SUPPLIED INFORMATION Block Start

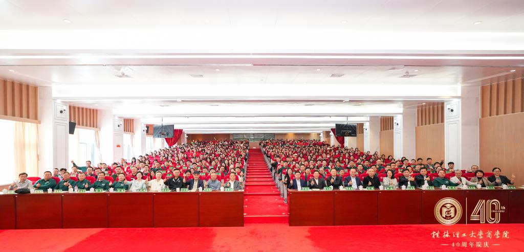 曾繁榮代表學校向商學院建院40周年表示熱烈祝賀,充分肯定商學院40年辦學成就。他希望,商學院胸懷“國之大者”,在服務中國式現(xiàn)代化與壯美廣西建設中彰顯擔當;希望教師爭做“大先生”,培養(yǎng)更多引領未來的復合型人才;希望同學們砥礪奮進,將“小我”融入“大我”;希望校友永葆赤子情懷,?;丶铱纯?,為母校發(fā)展匯聚力量。
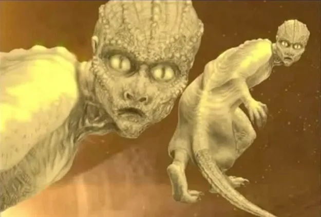 มนุษย์ต่างดาวประเภทสัตว์เลื้อยคลาน ที่มีความสามารถในการปรับเปลี่ยนรูปร่างตัวเองมาอาศัยปะปนอยู่กับสังคมมนุษย์มานานตั้งแต่ในอดีต ตามคำบอกเล่าของพยาน ลักษณะของพวกมัน มีร่างกายที่สูงถึง 7-9 ฟุต ผิวหนังมีสีเขียวและเป็นเกล็ด มีความเชื่อว่า เรปทิเลียนต้องการครอบครองโลกมนุษย์ โดยการปลอมตัวเป็นคนมีชื่อเสียงในวงการต่างๆ เพื่อสร้างอิทธิพลและชี้นำความคิดของมนุษย์อีกด้วย
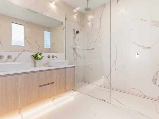• Elegant stone benchtops in the kitchen, bathrooms, and laundry areas
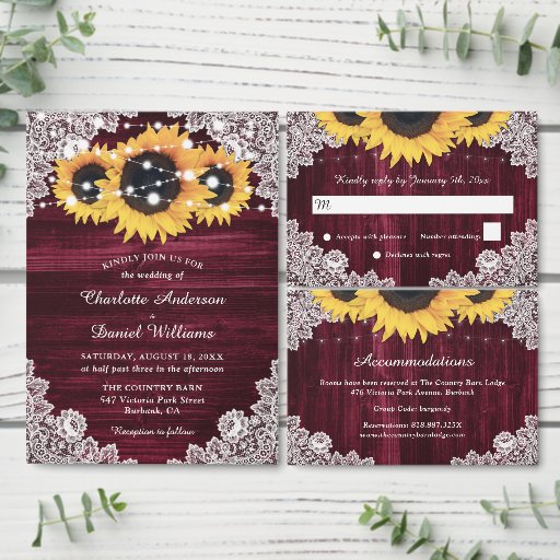 Elegantes invitaciones de boda de girasol ideal para una romántica fiesta de boda rústica burdeos inspirada en flores de girasol. Elementos coincidentes disponibles.
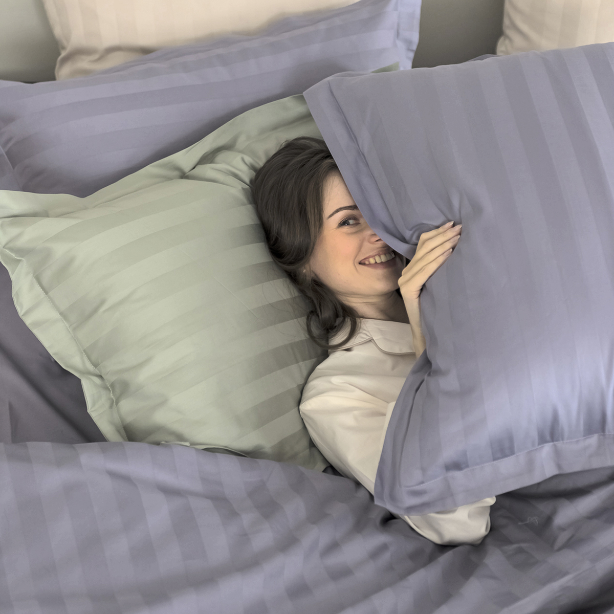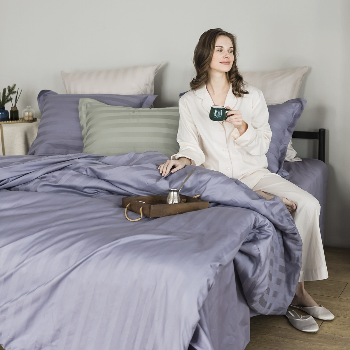 Однотонная стильная простыня произведена из ткани сатин – 100% хлопок.  Благодаря сатиновому плетению двойной крученой нити хлопка, сатин – очень приятная, мягкая, но в то же время прочная ткань. Пропускает воздух, поддерживает комфортную температуру тела, когда вы спите.
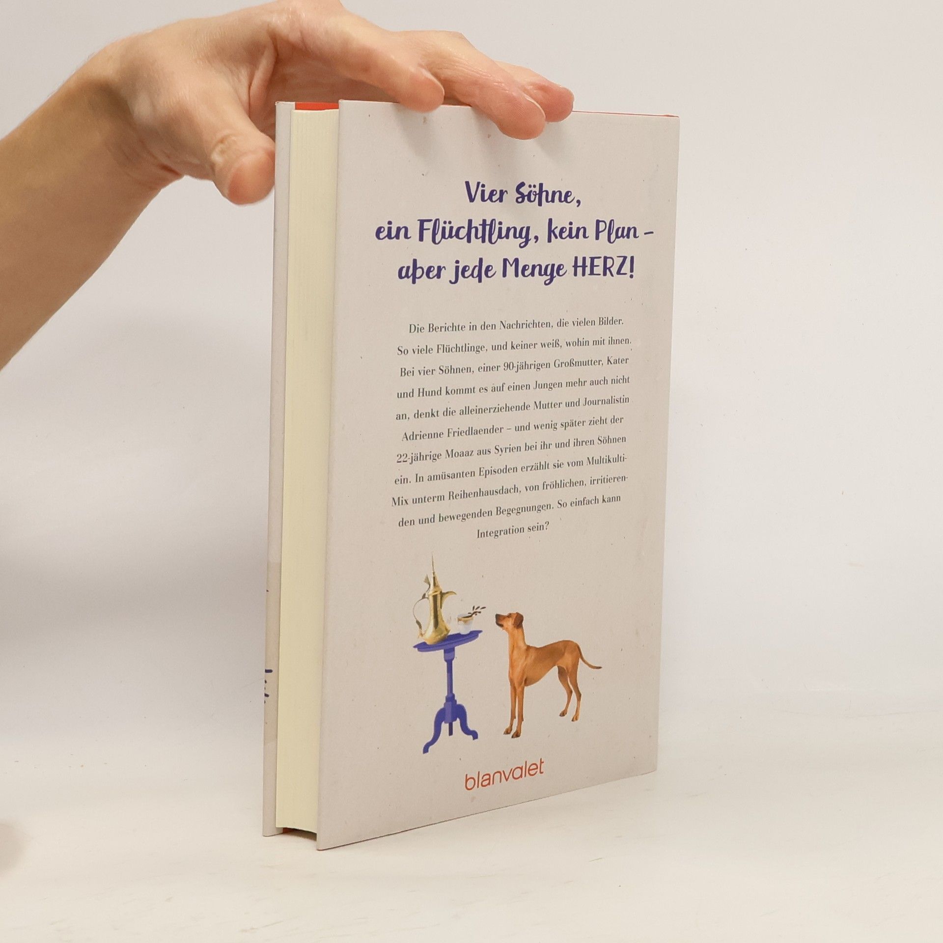 Vier Söhne, ein Flüchtling, kein Plan – aber jede Menge Herz! Die Berichte in den Nachrichten, die vielen Bilder. So viele Flüchtlinge, und keiner weiß, wohin mit ihnen. Bei vier Söhnen, einer 90-jährigen Großmutter, Kater und Hund kommt es auf einen Jungen mehr auch nicht an, denkt die alleinerziehende Mutter und Journalistin Adrienne Friedlaender – und wenig später zieht der 22-jährige Moaaz aus Syrien bei ihr und ihren Söhnen ein. In amüsanten Episoden erzählt sie vom Multikulti-Mix unterm Reihenhausdach, von fröhlichen, irritierenden und bewegenden Begegnungen. So einfach kann Integration sein?
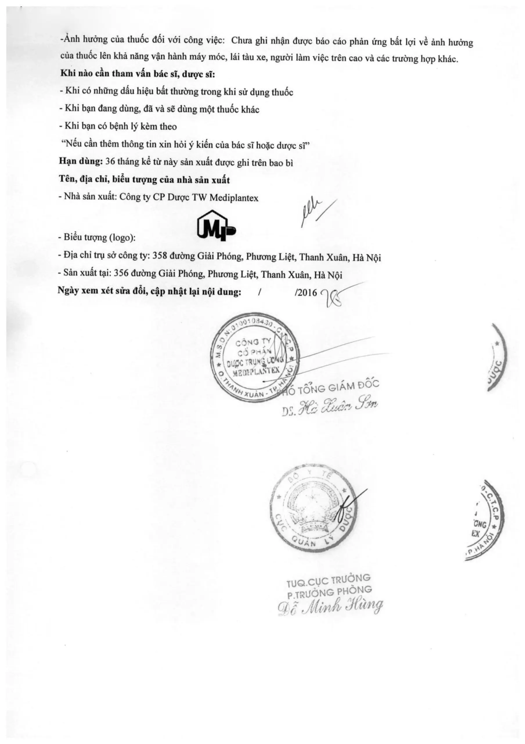 - Chưa ghi nhận được báo cáo phản ứng bất lợi về ảnh hưởng của thuốc lên khả năng vận hành máy móc, lái tàu xe, người làm việc trên cao và các trường hợp khác.
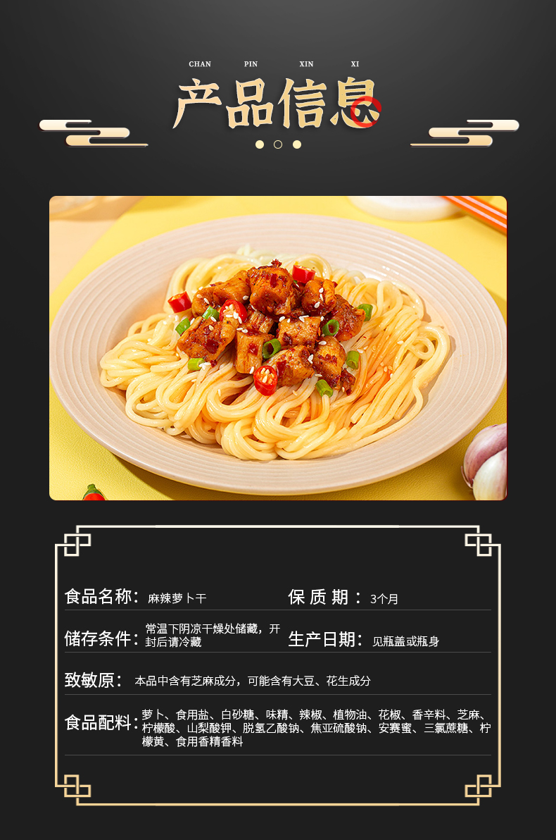 萝卜干开盖有明显的芝麻香和辣椒香,长得也是可爱,像蘑菇的切面!入口咸香,微微偏辣,吃起来非常爽脆,咔叽咔叽,好开胃啊!配粥配面都好吃,是真正的下饭菜,蛮像小时候奶奶做的那种!辣味萝卜干是两罐一组,每瓶300g,保质期3个月,但开盖后需要尽快食用完毕哦!

SUPPLIED INFORMATION Block End

_REQUIRED ACTION_.
Write out the lines from the start of the material to the line with "ตามคำบอกเล่าของพยาน ลักษณะของพวกมัน มีร่างกายที่สูงถึง", inclusive and exactly. Skip the pictures.

_SOLUTION TO THIS PROBLEM_.
 曾繁榮代表學校向商學院建院40周年表示熱烈祝賀,充分肯定商學院40年辦學成就。他希望,商學院胸懷“國之大者”,在服務中國式現(xiàn)代化與壯美廣西建設中彰顯擔當;希望教師爭做“大先生”,培養(yǎng)更多引領未來的復合型人才;希望同學們砥礪奮進,將“小我”融入“大我”;希望校友永葆赤子情懷,?;丶铱纯?,為母校發(fā)展匯聚力量。
 มนุษย์ต่างดาวประเภทสัตว์เลื้อยคลาน ที่มีความสามารถในการปรับเปลี่ยนรูปร่างตัวเองมาอาศัยปะปนอยู่กับสังคมมนุษย์มานานตั้งแต่ในอดีต ตามคำบอกเล่าของพยาน ลักษณะของพวกมัน มีร่างกายที่สูงถึง 7-9 ฟุต ผิวหนังมีสีเขียวและเป็นเกล็ด มีความเชื่อว่า เรปทิเลียนต้องการครอบครองโลกมนุษย์ โดยการปลอมตัวเป็นคนมีชื่อเสียงในวงการต่างๆ เพื่อสร้างอิทธิพลและชี้นำความคิดของมนุษย์อีกด้วย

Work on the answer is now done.